**Given material**
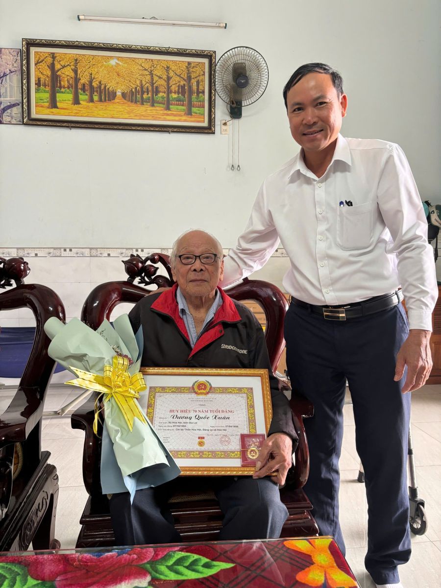 Do điều kiện sức khỏe không cho phép tham dự buổi lễ tập trung đợ này, Đảng ủy xã Hòa Hội đã tổ chức đoàn công tác đến tận nhà đồng chí Vương Quốc Xuân, đảng viên Chi bộ thôn Hòa Hội, để trao tặng Huy hiệu 70 năm tuổi Đảng. đồng chí Lê Văn Cường - Phó Bí thư Thường trực Đảng ủy xã, thay mặt Đảng ủy đã trao Huy hiệu và gửi lời chúc mừng, lời tri ân sâu sắc đến đồng chí Xuân. Đây là sự quan tâm, động viên kịp thời của Đảng ủy xã Hòa Hội đối với những đảng viên cao tuổi, thể hiện truyền thống “Uống nước nhớ nguồn”, tri ân công lao của các thế hệ đi trước đã có nhiều đóng góp to lớn cho sự nghiệp cách mạng của Đảng và của quê hương.
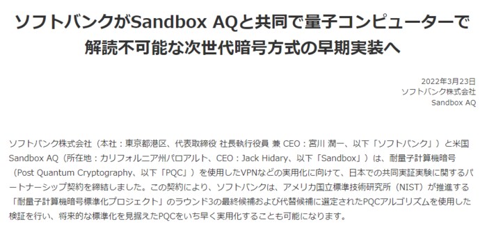 ソフトバンクは2022年3月23日、米Sandbox AQと、耐量子計算機暗号(Post Quantum Cryptography、以下「PQC」)を使用したVPNなどの実用化に向けて、日本での共同実証実験に関するパートナーシップ契約を締結したと発表しました。
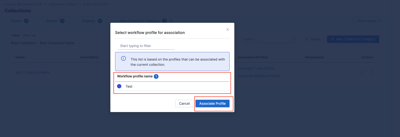 - To associate a DORA profile with the existing Collections, click on the Associate Workflow Profile option under the Associated Profiles column.
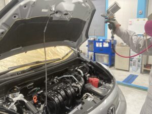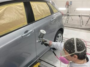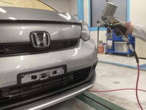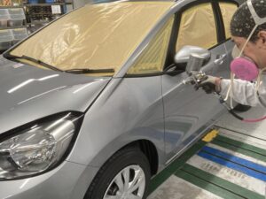 ↓脱脂後にクオーツガラスコーティング剤をスプレーガンで吹き付け施工

**Work request**
The required output is each line above restated verbatim, with all images omitted.

**Solved problem**
 Do điều kiện sức khỏe không cho phép tham dự buổi lễ tập trung đợ này, Đảng ủy xã Hòa Hội đã tổ chức đoàn công tác đến tận nhà đồng chí Vương Quốc Xuân, đảng viên Chi bộ thôn Hòa Hội, để trao tặng Huy hiệu 70 năm tuổi Đảng. đồng chí Lê Văn Cường - Phó Bí thư Thường trực Đảng ủy xã, thay mặt Đảng ủy đã trao Huy hiệu và gửi lời chúc mừng, lời tri ân sâu sắc đến đồng chí Xuân. Đây là sự quan tâm, động viên kịp thời của Đảng ủy xã Hòa Hội đối với những đảng viên cao tuổi, thể hiện truyền thống “Uống nước nhớ nguồn”, tri ân công lao của các thế hệ đi trước đã có nhiều đóng góp to lớn cho sự nghiệp cách mạng của Đảng và của quê hương.
 ソフトバンクは2022年3月23日、米Sandbox AQと、耐量子計算機暗号(Post Quantum Cryptography、以下「PQC」)を使用したVPNなどの実用化に向けて、日本での共同実証実験に関するパートナーシップ契約を締結したと発表しました。
 - To associate a DORA profile with the existing Collections, click on the Associate Workflow Profile option under the Associated Profiles column.
 ↓脱脂後にクオーツガラスコーティング剤をスプレーガンで吹き付け施工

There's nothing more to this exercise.